Spain, Germany, the UK and the Netherlands made up over half of the deals announced in the region in 2023.

Meanwhile, APAC’s volumes also increased from 7.7GW in 2022 to 9.7GW in 2023, accounting for 21.1% of the global corporate PPA volumes and representing a 26% increase.

“It has never been easier to buy clean energy as a corporation. For the first time, a variety of contracting structures are now widely available around the world to help companies decarbonise their energy consumption. These contracts are now the centrepiece in many companies’ sustainability strategies, rather than a nice-to-have,” said Kyle Harrison, head of sustainability research at BNEF.

BNEF added that corporations have announced solar and wind PPAs with a combined capacity of 198GW since 2008. The PPA market has also grown by 33% on average since 2015, marking the seventh year that the corporate PPA market has reached a new record.

Largest buyers in 2023

The report also studied the largest buyers of PPAs last year. Amazon was the largest PPA corporate buyer in 2023 as it announced 8.8GW of PPAs across 16 countries, of which 5.63GW was solar.
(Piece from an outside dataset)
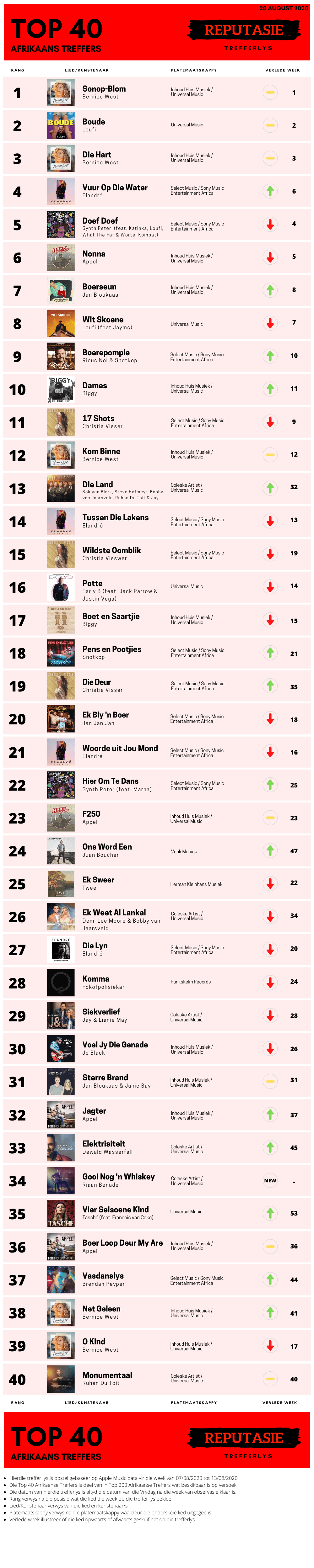 Hierdie week op die Reputasie Top 40 Afrikaanse Trefferlys – 28 Augustus 2020
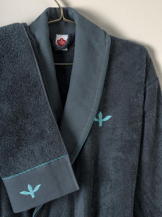 Punch Nakışlı Aile Bornoz Seti Gaja Bej Petrol

Amazon’s clean energy portfolio totalled 33.6GW, according to BNEF.

Amazon was followed by Meta (3.05GW of solar), LyondellBasell (1.33GW of solar and wind) and Google (996MW of solar and wind).

Additionally, BNEF estimated that companies with 100% clean energy targets as part of the RE100 initiative – a global corporate renewable energy initiative consisting of hundreds of large businesses committed to 100% renewable electricity – will need an additional 105GW of solar and wind by 2030.

Lastly, a total of 150 renewables developers signed PPA deals with corporations. French utility provider Engie sold the most capacity (2.4GW) last year, followed by energy giant AES (1.9GW), Indian integrated energy company Tata Power (1.2GW), solar developer Lightsource BP (1GW) and Dutch utility Eneco (0.9GW).